Evolutionary biologists and geologists speak of events happening millions or billions of years ago as concrete facts.  They are not observational facts, though; they are inferences from indirect evidence.  Indirect evidence can often lead to different conclusions; in fact, some philosophers like Duhem and Quine argue for “under-determination of theory by data,” meaning that data can never converge to support just one theory.  Some can demonstrate logically that there are an infinite number of theories that can explain a set of data.  Evolutionary scientists counter that there are only one or a few that are reasonable (implying that theirs is among the limited set of reasonable ones).  Recent discoveries that threaten to overturn past reasonable theories, though, cast doubt on their confidence.

Was there a Late Heavy Bombardment?  You can give a prehistoric event a name – even an acronym, like LHB – and it begins to take on a life of its own.  Papers and articles on earth history routinely refer to a “Late Heavy Bombardment” of the inner solar system by large impactors some 3.8 billion years ago, long after the planets are thought to have formed.  Where did that idea come from?  Did it really happen?

The LHB was an inference from radiometric dating of Apollo rock samples from the moon.  Two basins, one thought to be the oldest (Imbrium) and another thought to be the youngest (Serenitatis) turned out to be relatively close in radiometric age.  Scientists “invented” the LHB theory to try to account for the surprising data.  Now, however, Astrobiology Magazine and PhysOrg are saying the LHB never happened.  New evidence from the Lunar Reconnaissance Orbiter has undercut the thinking on which it was based.

When did ichthyosaurs go extinct?  Consensus thinking about marine reptiles named ichthyosaurs (fish-lizards) was that they went extinct at the end of the Jurassic, 145 million years ago.  Now, according to PhysOrg, evidence suggests they did just fine, continuing to thrive and diversify, for another 50 million years.  According to the article, a new paper by European scientists “considerably changes our understanding of the evolution and the extinction of these dinosaur age sea reptiles”.   Notice how drastic the reinterpretation is:

Whilst it had been thought that these Jurassic ichthyosaurs died a little later at the end of the Jurassic, the new discoveries show that in reality almost all of these lines survived across the Jurassic-Cretaceous Boundary…. the team has been able to show that the extinction rates were very low during the Jurassic-Cretaceous Boundary.
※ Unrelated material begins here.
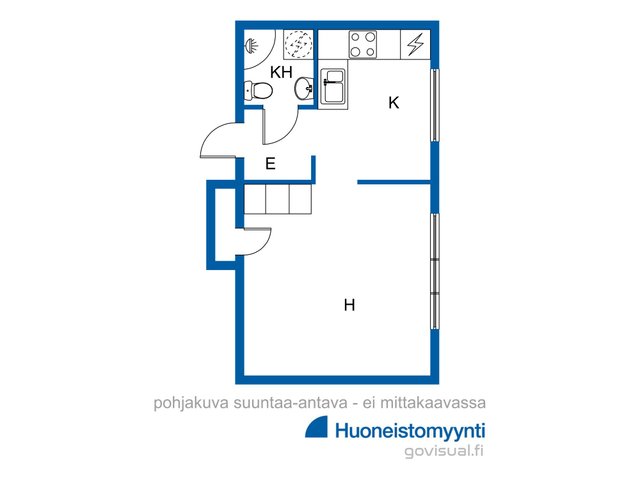 - Lattialiesi, liesituuletin, jääkaappipakastin, kaapistot, laatikostot

In fact it seems that the ichthyosaurs were not affected by the Jurassic-Cretaceous Boundary extinction event, contrary to many other groups of marine animals. The reason why the ichthyosaurs did so well during this period in comparison with other groups of marine animals remains a mystery, and will be the subject of future research.

The BBC News went so far as to say the new data “rewrites [the] fossil record.”  But what would cause selective extinction in the oceans?  The statement that the find “considerably changes our understanding” raises questions whether “understanding” that “considerably changes” was ever understanding in the first place – and, by extension, whether what they’re saying now, if it is a mystery requiring future research, constitutes understanding.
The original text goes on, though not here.